Detection limits obtained are between 0.05 and 3 mg kg⁻¹ of U using separation and between 0.05 and 35 mg kg⁻¹ of U for the sample dilution. Similar detection limits were obtained for 20 cations (Ag, Ba, Be, Bi, Cd, Cr, Dy, Eu, Gd, In, Li, Mo, Pb, Sm, Sn, Th, Ti, V, W and Zr). Separation helps obtaining better detection limits for Co (sample dilution: 0.5 mg kg⁻¹; separation: 0.05 mg kg⁻¹), Cu (sample dilution: 35 mg kg⁻¹; separation: 1 mg kg⁻¹) and Ni (sample dilution: 16 mg kg⁻¹; separation: 0.03 mg kg⁻¹).

In another study, better detection limits were obtained: LOD as low as 0.001 mg kg⁻¹ [14] and LOD as low as 0.05 mg kg⁻¹ in this study. The factor 50 on the LOD can be explain by (1) the ICP-MS used in this study is nuclearized and of an old generation, that limits is sensitivity. Typical sensitivity for ¹¹⁵In is about 40,000 cps (μg L⁻¹)⁻¹ in our instrument whereas sensitivity upper than 1,000,000 cps (μg L⁻¹)⁻¹ can be obtained with new ICP-MS. (2) The blanks of the instrument used are not as clean as desired due to its long use with very different matrices. It is possible to achieve better detection limit by using a cleaner instrument. However, rinsing it during a long time is prohibited, as the effluent volume will be too high and is considered radioactive and needs to be recycled before evacuation. Using a cleaner and a more sensitive instrument will help to obtain detection limit comparable of the previous study, which used an ICP-MS on a lab bench [14].

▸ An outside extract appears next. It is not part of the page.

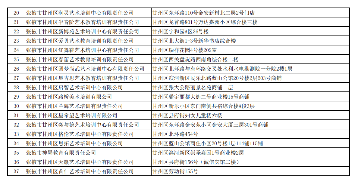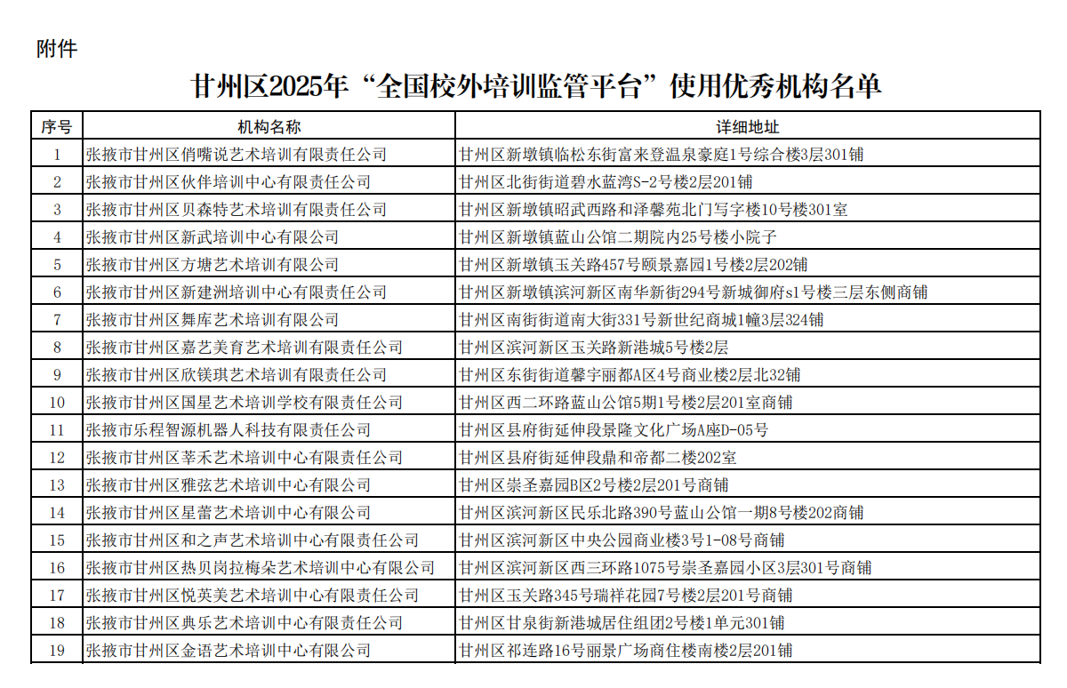 甘州区2025年“全国校外培训监管平台”使用优秀机构名单公示

Another way to decrease the detection limit is to reduce the sample dilution required to its analysis. As HNO₃ concentration has to be adjusted at 0.5 mol L⁻¹, elution phase (loading and washing) are diluted 6 and 8 time for protocols B and C before the ICP-MS analysis, respectively. The elution phase can be evaporated to dryness and dissolved again in the appropriate volume of 0.5 mol L⁻¹ HNO₃, which can help to reduce the detection limit by a factor of 10. It will be necessary to check that the cations have not been lost during the evaporation step before using this approach.

4. Conclusions

This study aims at developing chromatographic separation procedure to separate cations from U-Pu. The protocols were tested on simulated solutions of 29 cations in absence of U-Pu and 14 cations in a U-Pu matrix. Uranium and plutonium were fixed onto the resin using protocol B (UTEVA resin with HNO₃/H₂C₂O₄ mixture as eluent) and C (UTEVA resin with HNO₃/H₂O₂ mixture as eluent). Separation protocols were found to be effective with recovery yields between 80 and 120 %.

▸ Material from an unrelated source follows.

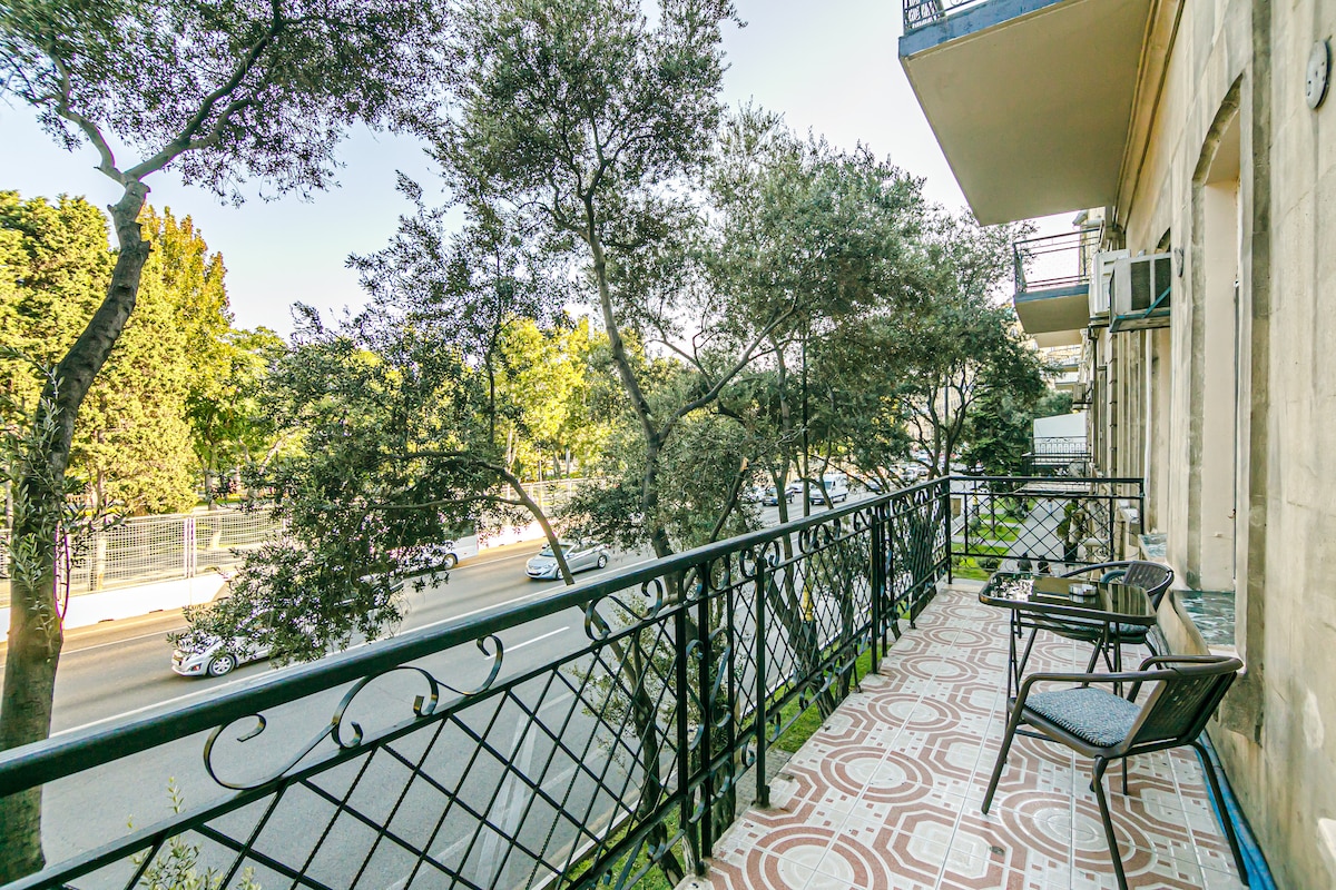¡Queridos huéspedes de nuestra ciudad! Te proporcionamos un departamento con una hermosa vista del parque. Restaurantes con cocina nacional, boutiques y cafeterías a pocos pasos de la casa. La ciudad vieja de Icherisheher y Baku Boulevard están a cinco minutos a pie. La pista de Fórmula 1 está a solo tres minutos a pie de tu alojamiento. Estaremos encantados de ayudarte con los traslados, así como con la resolución de problemas cotidianos. Con nosotros te sentirás tan acogedor y cómodo como en tu propia casa.

Then, the separations performed on the Morille CRM showed satisfactory results for most of the elements. A Ba pollution from oxalic acid used in protocol B was observed. Using protocol C, Zr is fixed onto the resin. To eluate Zr, oxalic acid needs to be used. Moreover, the Th behavior, a tetravalent actinides, did not help us to recover it with the other cations in the feeding and scrubbing phases. To recover thorium independently of U and Pu, using hydrochloric acid is required. Since hydrochloric acid is corrosive to glove boxes, its use is avoided. Combining the studies on the CRM and on the simulated solutions, it is possible to analyze 41 cations (Al, Ag, B, Ba, Be, Bi, Ca, Cd, Ce, Co, Cr, Cu, Dy, Eu, Fe, Ga, Gd, In, La, Li, Mg, Mn, Mo, Na, Nd, Ni, Pd, Pb, Rh, Sb, Se, Si, Sm, Sn, Sr, Ti, V, W, Y, Zn and Zr) with the two selected protocols in a U-Pu matrix.

Without separating U from the cations it is impossible to analyze Be, Dy, Eu, Gd and Sm in the CRM at these concentrations.

These separation protocols were implemented to certify a Pu-based reference material and to samples for irradiation experiment. Detection limits in the order of μg g⁻¹ of powder were obtained. Furthermore, as Th and Np are fixed onto the resin, these protocols could be extended for cationic impurities analysis in Th or Np-based materials. It should be notice Np is only fixed on the resin using protocol C. The oxalic acid used in the protocol B is a complexing agent of Np.